Records drawn from a dataset
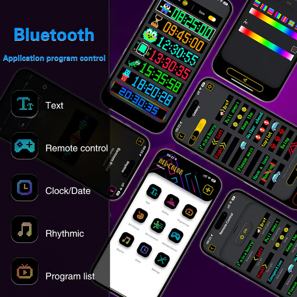 Het LED-bord wordt bediend via een app die via Bluetooth is verbonden. Deze app ondersteunt het gelijktijdig aansluiten van meerdere LED-schermen, waardoor uw winkel nog meer in het oog springt. De app heeft veel interessante modi en animaties ingebouwd. Met uw telefoon kunt u eenvoudig sjablonen en leuke teksten aanpassen om uw winkel een persoonlijk tintje te geven.
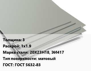 Лист нержавеющий 3 1х1.9 Сталь: 20Х23Н18, ЭИ417 Тип:матовый ГОСТ 5632-83
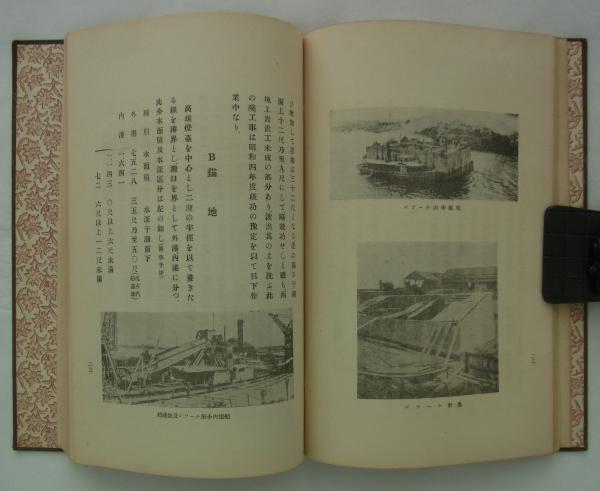 附録として港内諸費用・港湾関係諸法規・港湾関係官衙及業務者を所収、口絵と記事中に写真22景を所載する。
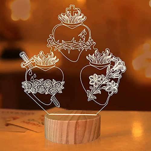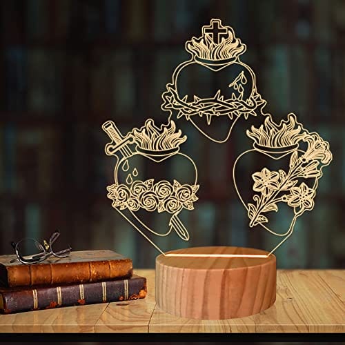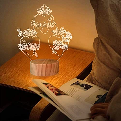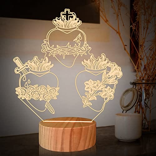 - ❤️ HIGH-QUALITY❤️ The 3D lamp base is made of high-quality pine wood materials, lightweight and robust, without a pungent smell, and without sharp edges. The three sacred heart night light is made by 3d laser engraved technology to create a 2D gorgeous optical amazing visual. In fact, it is a 2D acrylic plate with laser-engraved lines.
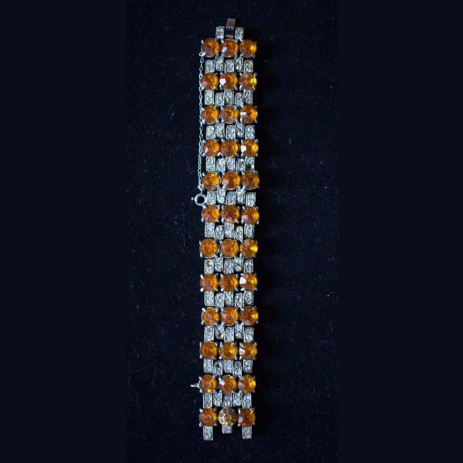 Il bracciale a tre file di strass bianchi e arancio è un raffinato esempio di bigiotteria americana degli anni Trenta, realizzato intorno al 1935 dalla celebre casa Staret, nota per le sue creazioni di alta qualità e per l’uso innovativo dei cristalli colorati.
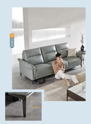 “云夢”系列的設計靈感源自中國傳統美學中“云卷云舒”的詩意想象。沙發以“天青色”為主色調,搭配14公分輕奢亮槍色金屬高腳,淡雅中透出低調奢華。設計師通過雙層捏邊工藝,塑造出如天鵝展翅般的飛翼扶手,線條靈動流暢,仿佛將云海翻涌的瞬間凝固于家居空間中。天然羽毛填充的扶手部分,不僅觸感柔軟透氣,更在視覺上營造出輕盈的懸浮感,呼應“云夢之上,樂享韶華”的主題。
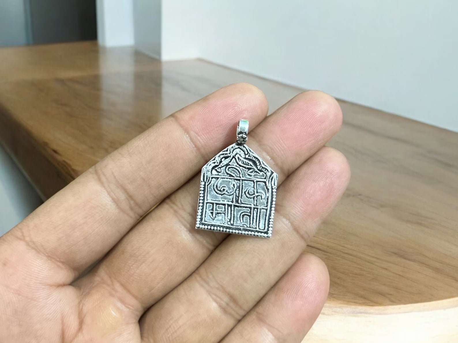 Handmade 925 Sterling Silver Kids Protector Hindu Goddess Cheek Mata Pendant Hindi Letters Rajasthan Tribal Pendant, Children Protector
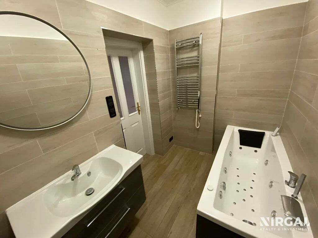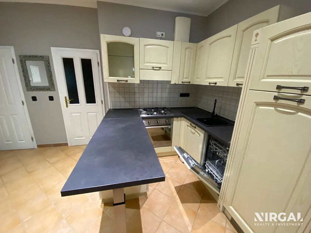 Kuchyň je plně vybavena spotřebiči – myčka nádobí, trouba, varná deska, digestoř, lednice. V koupelně se nachází prostorná vířivá vana (jacuzzi) s hydromasážním systémem. Toaleta je samostatně. V bytě je dostatek úložných prostor.
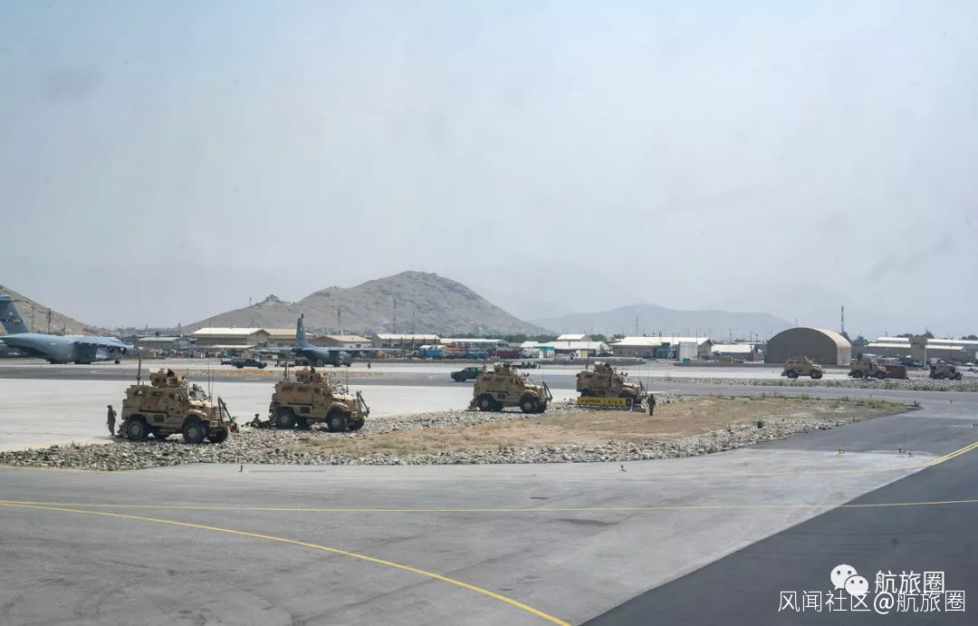 喀布爾機場,美軍由裝甲車和機槍組成的防線

▸ WHAT TO DO: Reproduce each entry exactly, without the pictures.

▸ RESPONSE TO THE TASK:
 Het LED-bord wordt bediend via een app die via Bluetooth is verbonden. Deze app ondersteunt het gelijktijdig aansluiten van meerdere LED-schermen, waardoor uw winkel nog meer in het oog springt. De app heeft veel interessante modi en animaties ingebouwd. Met uw telefoon kunt u eenvoudig sjablonen en leuke teksten aanpassen om uw winkel een persoonlijk tintje te geven.
 Лист нержавеющий 3 1х1.9 Сталь: 20Х23Н18, ЭИ417 Тип:матовый ГОСТ 5632-83
 附録として港内諸費用・港湾関係諸法規・港湾関係官衙及業務者を所収、口絵と記事中に写真22景を所載する。
 - ❤️ HIGH-QUALITY❤️ The 3D lamp base is made of high-quality pine wood materials, lightweight and robust, without a pungent smell, and without sharp edges. The three sacred heart night light is made by 3d laser engraved technology to create a 2D gorgeous optical amazing visual. In fact, it is a 2D acrylic plate with laser-engraved lines.
 Il bracciale a tre file di strass bianchi e arancio è un raffinato esempio di bigiotteria americana degli anni Trenta, realizzato intorno al 1935 dalla celebre casa Staret, nota per le sue creazioni di alta qualità e per l’uso innovativo dei cristalli colorati.
 “云夢”系列的設計靈感源自中國傳統美學中“云卷云舒”的詩意想象。沙發以“天青色”為主色調,搭配14公分輕奢亮槍色金屬高腳,淡雅中透出低調奢華。設計師通過雙層捏邊工藝,塑造出如天鵝展翅般的飛翼扶手,線條靈動流暢,仿佛將云海翻涌的瞬間凝固于家居空間中。天然羽毛填充的扶手部分,不僅觸感柔軟透氣,更在視覺上營造出輕盈的懸浮感,呼應“云夢之上,樂享韶華”的主題。
 Handmade 925 Sterling Silver Kids Protector Hindu Goddess Cheek Mata Pendant Hindi Letters Rajasthan Tribal Pendant, Children Protector
 Kuchyň je plně vybavena spotřebiči – myčka nádobí, trouba, varná deska, digestoř, lednice. V koupelně se nachází prostorná vířivá vana (jacuzzi) s hydromasážním systémem. Toaleta je samostatně. V bytě je dostatek úložných prostor.
 喀布爾機場,美軍由裝甲車和機槍組成的防線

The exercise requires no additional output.